The market outlook for oil prices is falling over the entire forecast horizon. However, as regards oil prices in euro terms and, in turn, koruna terms, the impact of lower dollar prices of oil is partly offset by a stronger outlook for the exchange rate of the dollar against the euro over the entire forecast horizon.
As expected, annual wage growth in the business sector slowed in Q2 as the effect of wage optimisation in late 2013 and early 2013 faded out. However, wage growth was still higher than forecasted, implying the possibility of a faster labour market response to the switch to the growth phase of the business cycle, supported among other things by the weakening of the koruna. A positive turnaround on the labour market is also indicated by a rising number of vacancies, which is the highest in more than five years in seasonally adjusted terms. Average hours worked also started increasing as expected. At the same time, the seasonally adjusted general unemployment rate and the number of registered unemployed persons are continuing to fall at a steady, albeit gradual, pace broadly in line with expectations.
Indicators from the real economy at the start of 2014 Q3 point to continued robust annual growth in industrial production supported by double-digit growth in orders from abroad and the domestic economy. Retail sales are also increasing noticeably in both the automotive segment and the sale of other non-food products. The fall in construction output in July, representing a departure from the solid data observed in previous months, can be attributed to a high comparison base in July 2013 due to intensive reconstruction work after floods. Overall, these indicators suggest that the rise in consumption and investment seen in the last two or three quarters is of a longer-lasting nature. Relatively rapid economic growth can therefore be expected to continue in line with the forecast.

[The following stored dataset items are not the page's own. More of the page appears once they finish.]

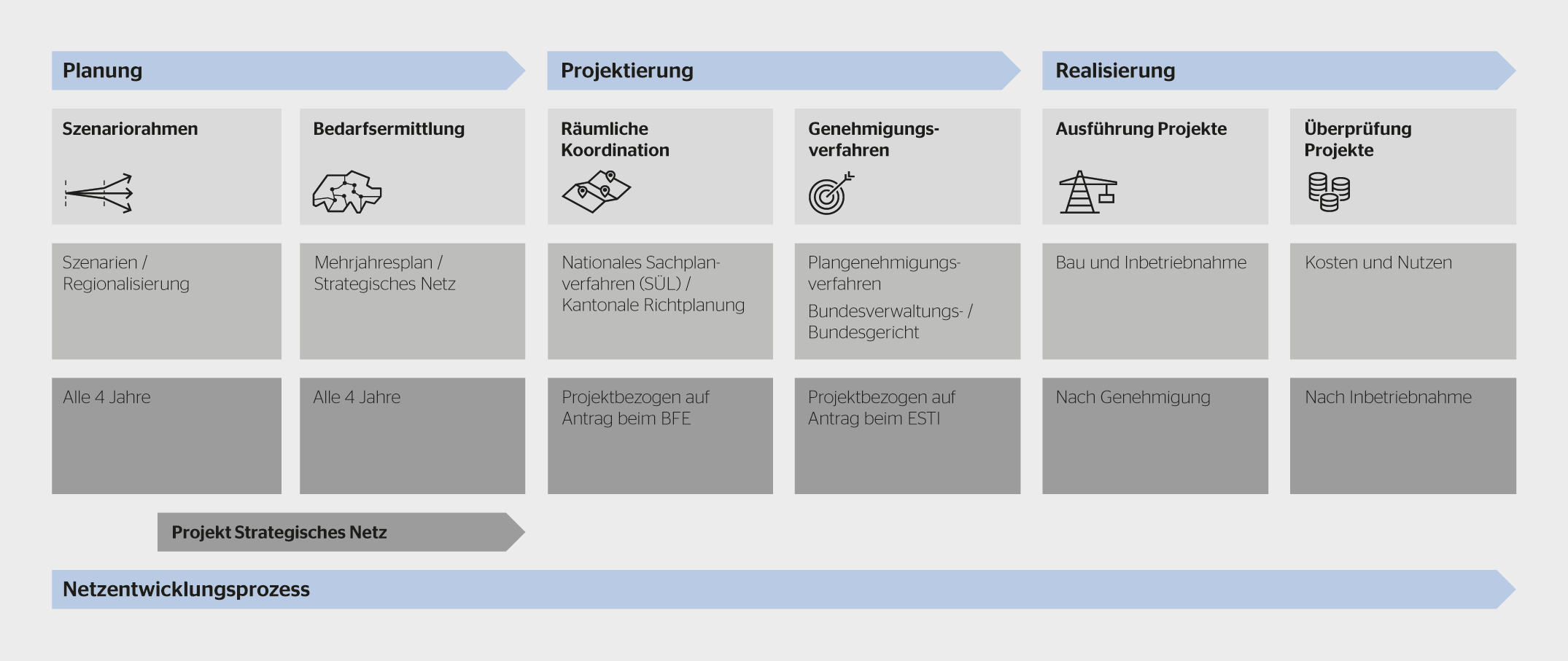 Deshalb erstellt Swissgrid periodisch einen Mehrjahresplan: das Strategische Netz. Es zeigt auf, wie sich das Übertragungsnetz bis im Zieljahr entwickeln sollte und welche zusätzlichen Netzprojekte nötig sind, um den künftigen Anforderungen zu entsprechen. Dieser Planungsprozess wird derzeit zum dritten Mal durchgeführt: Auf die Strategischen Netze 2015 und 2025 folgt jenes für 2040. Zum ersten Mal basiert der Prozess auf einer gesetzlichen Grundlage, die der Bund im Rahmen seiner Strategie Stromnetze geschaffen hat.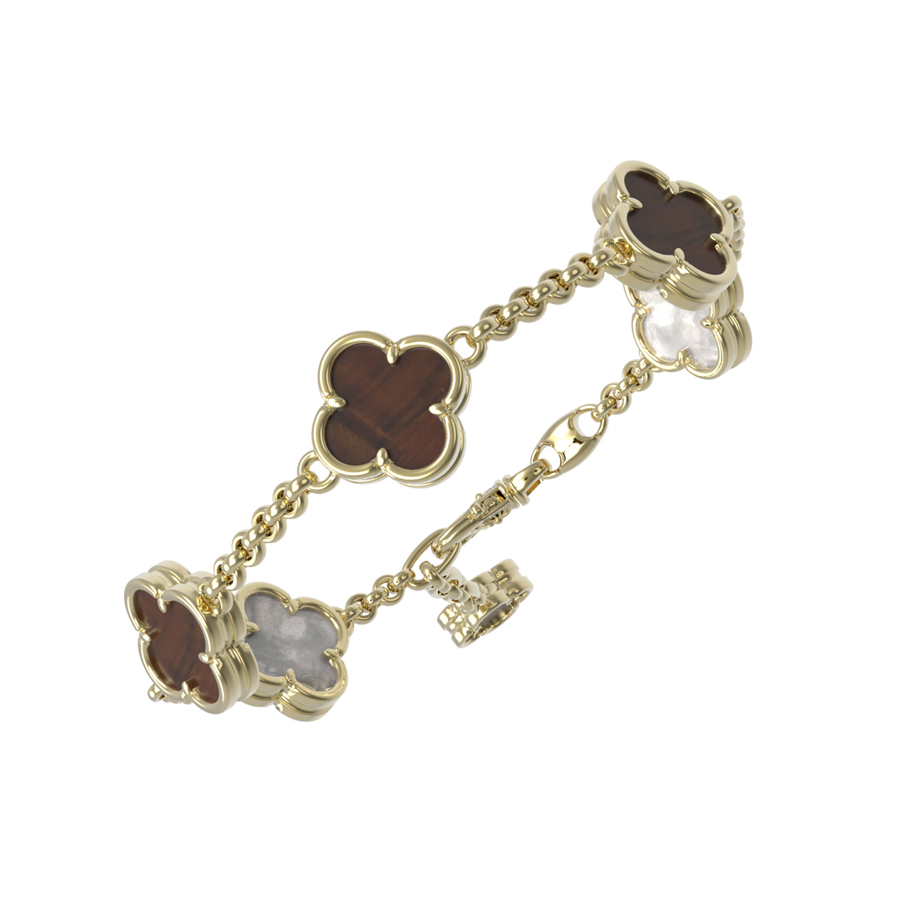 Браслет из лимонного золота c тигровым глазом и перламутром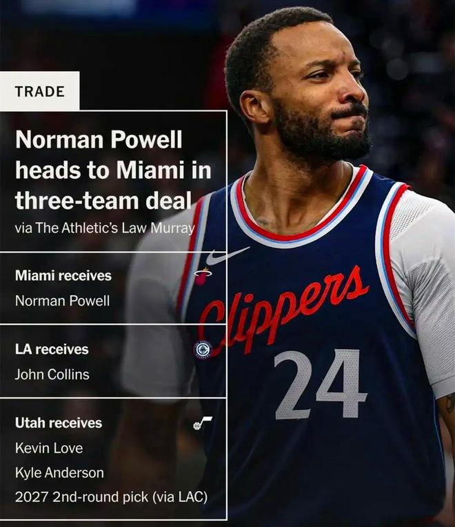 而兩隊幾乎互換命運般的表現都要從休賽期兩隊圍繞鮑威爾的交易說起,在7月份交易市場開啟一周后,熱火、快船與爵士迅速敲定一筆三方交易,具體內容如下: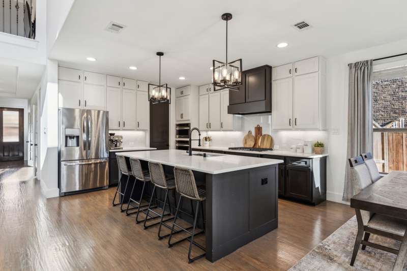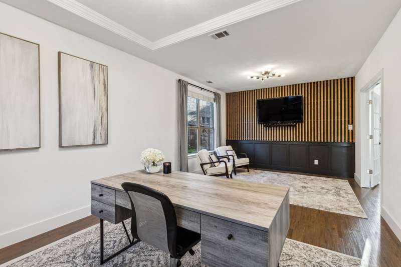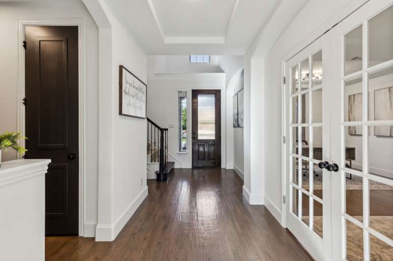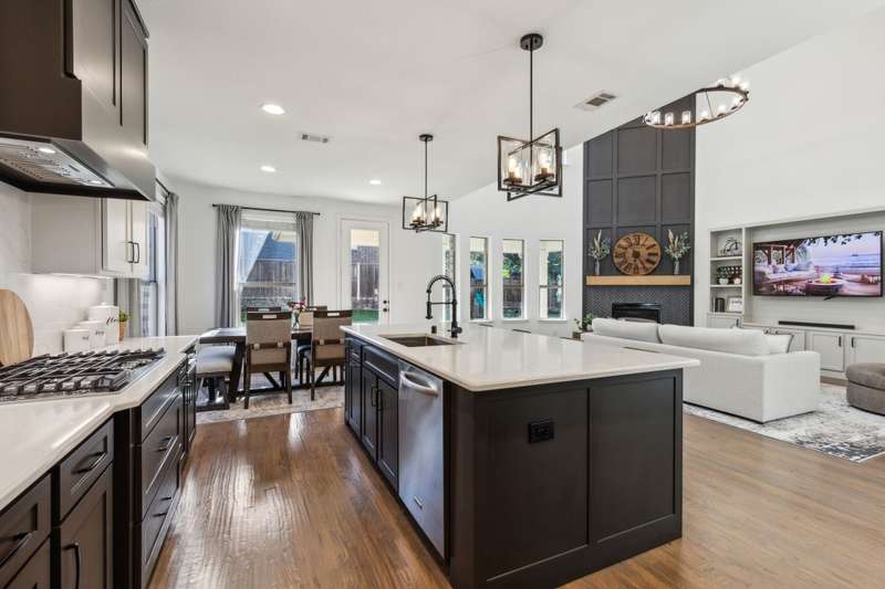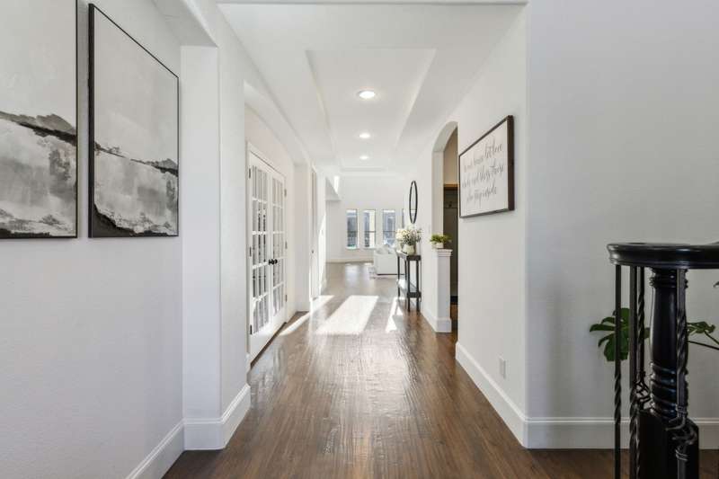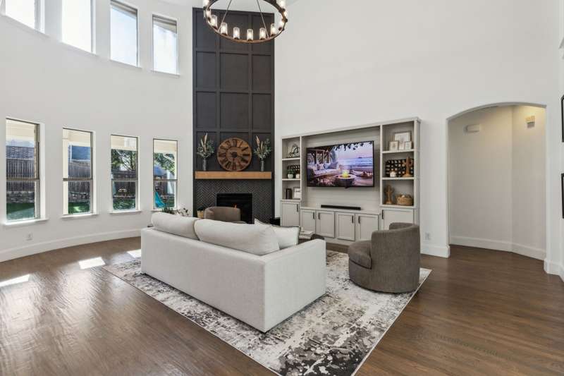 Experience luxury lakeside living in Friscos The Shores at Waterstone, a quiet gated community near the lake with walking trails, a community pool, and fitness center. This 5-bedroom, 3.5-bath home has been fully renovated with high-end, modern finishes including real hardwood floors, custom cabinetry, quartz countertops, and designer lighting throughout. The open floor plan features a chefs kitchen with large island and seamless flow into spacious living and dining areas perfect for entertaining. The private owners suite offers a spa-inspired bathroom and generous walk-in closet. Enjoy a move-in ready home that combines elegant design, flexible living spaces, and a prime Frisco location minutes from shopping, dining, and top-rated schools. Exceptional style, comfort, and value in one of Friscos premier lakeside neighborhoods.

Producer prices are still recovering gradually, influenced by the weakening of the koruna. Prices in manufacturing returned to slightly positive year-on-year figures back in December 2013 and their growth has been accelerating slowly since then. The year-on-year decline in prices in industry as a whole, influenced by a marked drop in energy prices, has gradually unwound and industrial prices were unchanged year on year in August. Prices of construction work returned to modest growth in April and prices of market services did the same in May. The year-on-year decline in agricultural producer prices moderated, but the forecast had expected a slight annual increase. This downward deviation from the forecast is due partly to a fall in prices of some key agricultural commodities on global markets.
To sum up the important facts from the Czech economy, annual GDP growth was slightly below the forecast in 2014 Q2. By contrast, inflation went up rather more than forecasted in July and August. The average wage rose considerably faster than expected in Q2. The seasonally adjusted share of unemployed persons was slightly higher than forecasted.
As at its previous monetary policy meeting, the Bank Board assessed the risks to the current forecast as being slightly anti-inflationary. Risks in the anti-inflationary direction stem from developments abroad, more specifically from lower economic growth and more subdued inflation in the euro area and from a lower outlook for world prices of food and oil. By contrast, data from the domestic economy, especially observed inflation and wage growth, are having a slightly inflationary effect. In this situation, the Bank Board repeated that the Czech National Bank would not discontinue the use of the exchange rate as a monetary policy instrument before 2016.